#### Data to examine ####
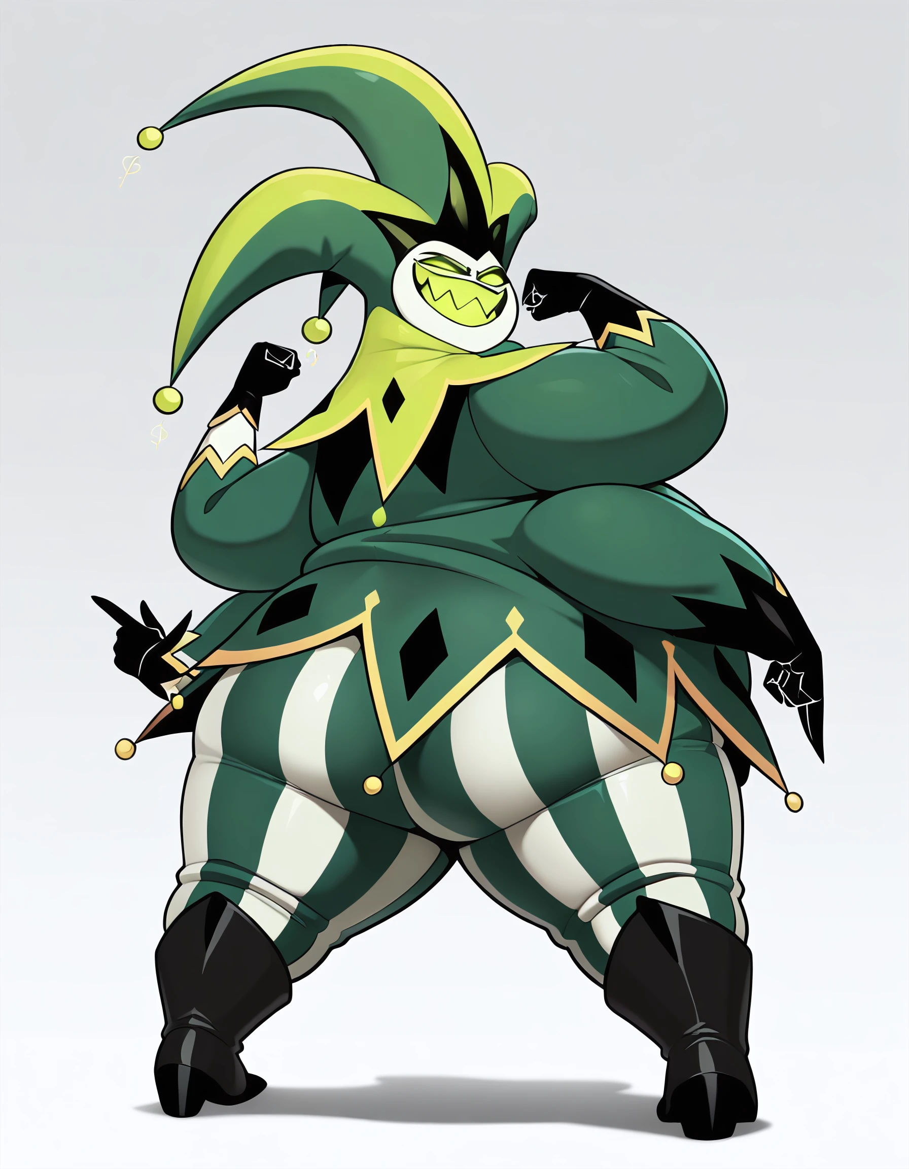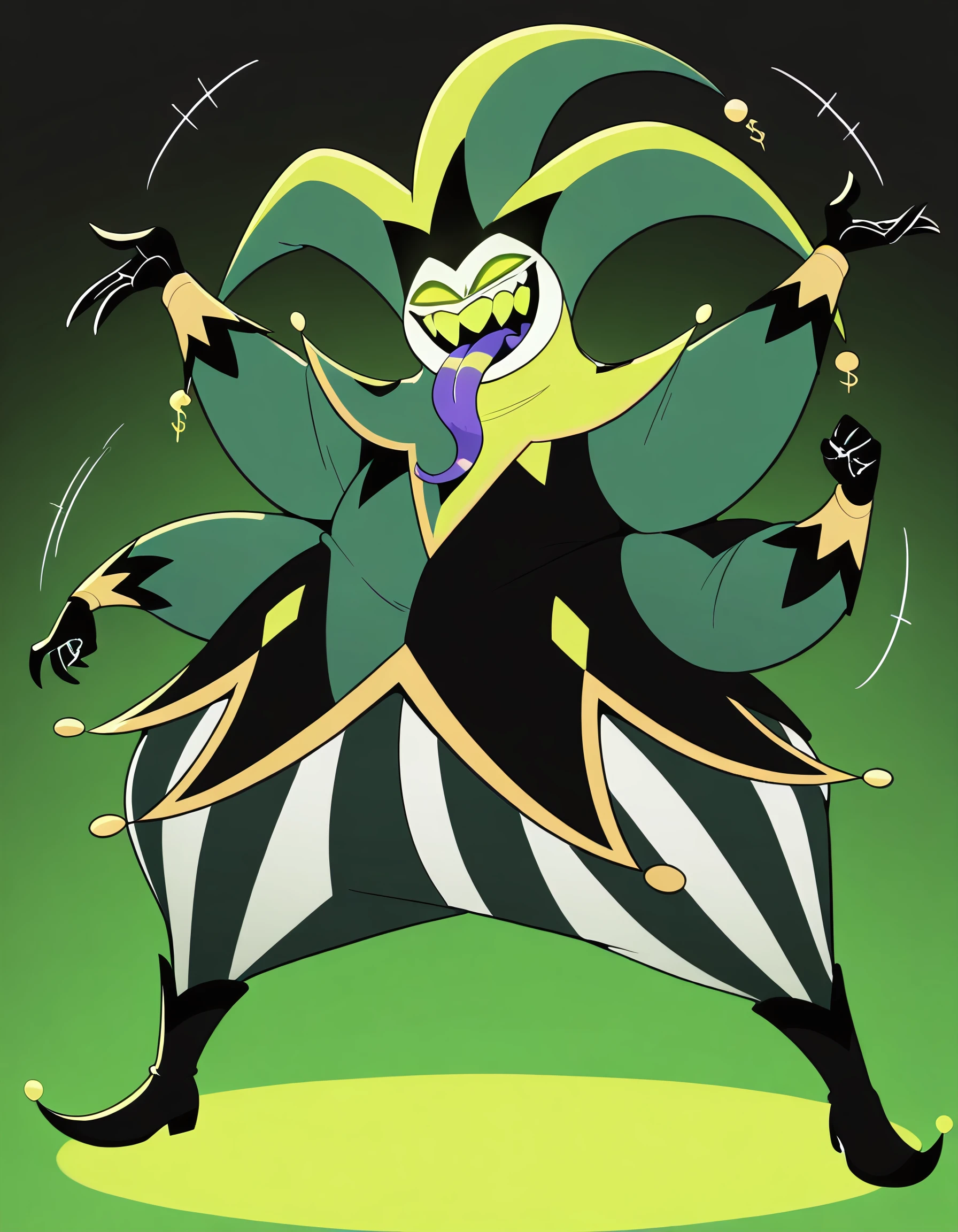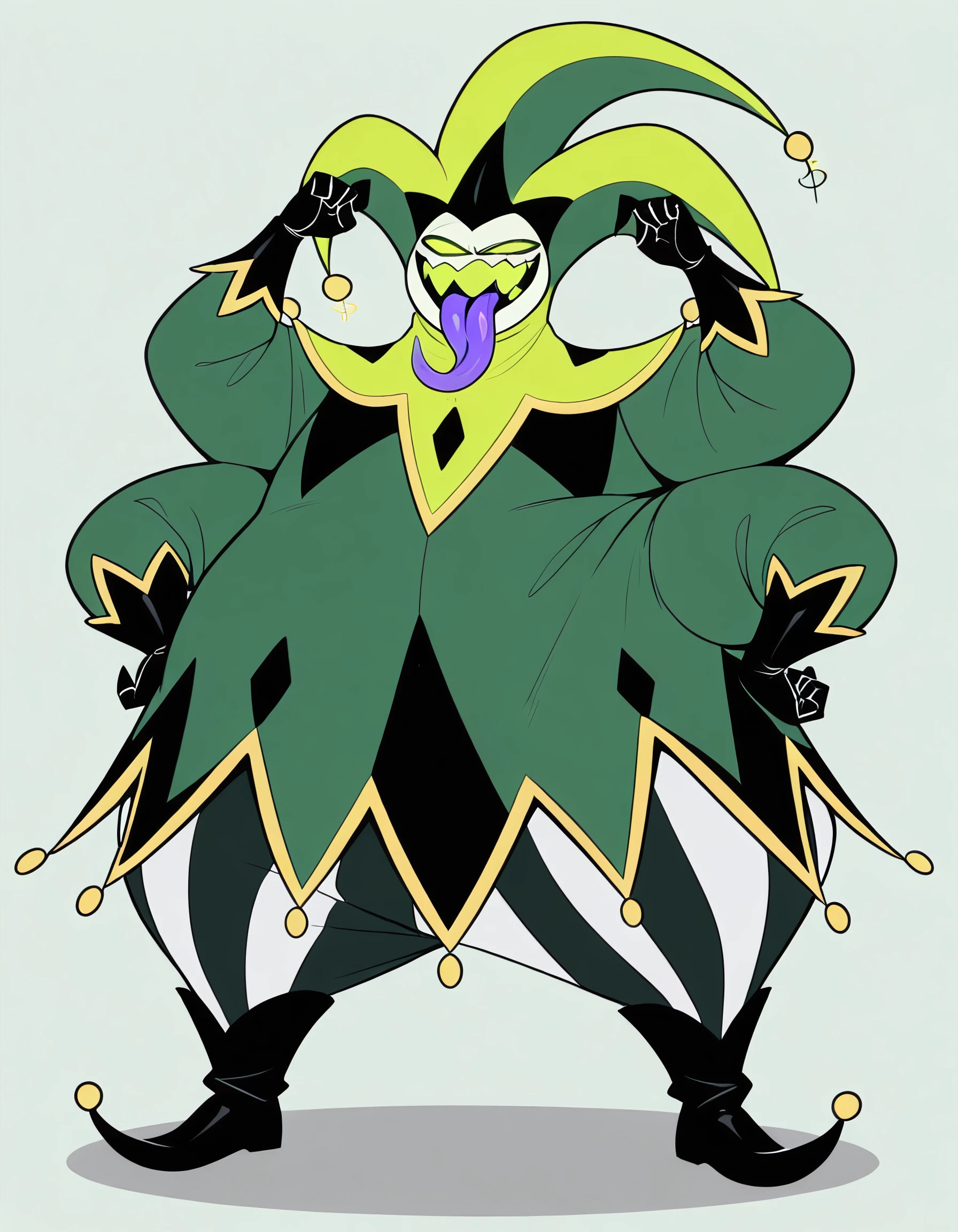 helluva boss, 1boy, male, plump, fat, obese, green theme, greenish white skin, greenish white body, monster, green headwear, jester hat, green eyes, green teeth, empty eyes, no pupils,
####
#### Data to examine ####
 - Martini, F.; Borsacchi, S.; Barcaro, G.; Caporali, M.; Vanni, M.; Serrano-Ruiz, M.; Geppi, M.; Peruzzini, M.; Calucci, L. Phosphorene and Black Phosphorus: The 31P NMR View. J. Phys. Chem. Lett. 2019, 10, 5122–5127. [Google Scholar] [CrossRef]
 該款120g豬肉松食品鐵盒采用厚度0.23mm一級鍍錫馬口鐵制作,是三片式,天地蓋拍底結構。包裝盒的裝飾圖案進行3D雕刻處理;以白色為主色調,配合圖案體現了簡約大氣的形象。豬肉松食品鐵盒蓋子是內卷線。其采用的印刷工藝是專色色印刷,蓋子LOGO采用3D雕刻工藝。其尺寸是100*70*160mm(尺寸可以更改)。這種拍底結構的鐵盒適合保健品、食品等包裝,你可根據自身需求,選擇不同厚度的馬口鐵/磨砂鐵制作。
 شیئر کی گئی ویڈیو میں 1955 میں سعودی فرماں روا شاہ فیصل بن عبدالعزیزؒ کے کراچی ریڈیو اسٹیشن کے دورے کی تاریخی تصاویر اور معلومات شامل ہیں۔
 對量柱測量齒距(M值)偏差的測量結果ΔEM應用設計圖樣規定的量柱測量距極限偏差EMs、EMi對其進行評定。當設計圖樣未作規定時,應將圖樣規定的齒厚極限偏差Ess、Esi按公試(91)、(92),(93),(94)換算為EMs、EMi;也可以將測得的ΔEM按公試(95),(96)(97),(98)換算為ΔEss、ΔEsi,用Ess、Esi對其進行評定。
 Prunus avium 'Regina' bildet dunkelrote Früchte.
####
#### Data to examine ####
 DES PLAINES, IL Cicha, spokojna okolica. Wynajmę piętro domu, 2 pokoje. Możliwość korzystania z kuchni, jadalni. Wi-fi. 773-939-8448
####
## Assignment
Return word for word the lines above from the line with "- Martini, F.;" to the line with "Prunus avium 'Regina'", including both and leaving out all others.

## Response to this task
 - Martini, F.; Borsacchi, S.; Barcaro, G.; Caporali, M.; Vanni, M.; Serrano-Ruiz, M.; Geppi, M.; Peruzzini, M.; Calucci, L. Phosphorene and Black Phosphorus: The 31P NMR View. J. Phys. Chem. Lett. 2019, 10, 5122–5127. [Google Scholar] [CrossRef]
 該款120g豬肉松食品鐵盒采用厚度0.23mm一級鍍錫馬口鐵制作,是三片式,天地蓋拍底結構。包裝盒的裝飾圖案進行3D雕刻處理;以白色為主色調,配合圖案體現了簡約大氣的形象。豬肉松食品鐵盒蓋子是內卷線。其采用的印刷工藝是專色色印刷,蓋子LOGO采用3D雕刻工藝。其尺寸是100*70*160mm(尺寸可以更改)。這種拍底結構的鐵盒適合保健品、食品等包裝,你可根據自身需求,選擇不同厚度的馬口鐵/磨砂鐵制作。
 شیئر کی گئی ویڈیو میں 1955 میں سعودی فرماں روا شاہ فیصل بن عبدالعزیزؒ کے کراچی ریڈیو اسٹیشن کے دورے کی تاریخی تصاویر اور معلومات شامل ہیں۔
 對量柱測量齒距(M值)偏差的測量結果ΔEM應用設計圖樣規定的量柱測量距極限偏差EMs、EMi對其進行評定。當設計圖樣未作規定時,應將圖樣規定的齒厚極限偏差Ess、Esi按公試(91)、(92),(93),(94)換算為EMs、EMi;也可以將測得的ΔEM按公試(95),(96)(97),(98)換算為ΔEss、ΔEsi,用Ess、Esi對其進行評定。
 Prunus avium 'Regina' bildet dunkelrote Früchte.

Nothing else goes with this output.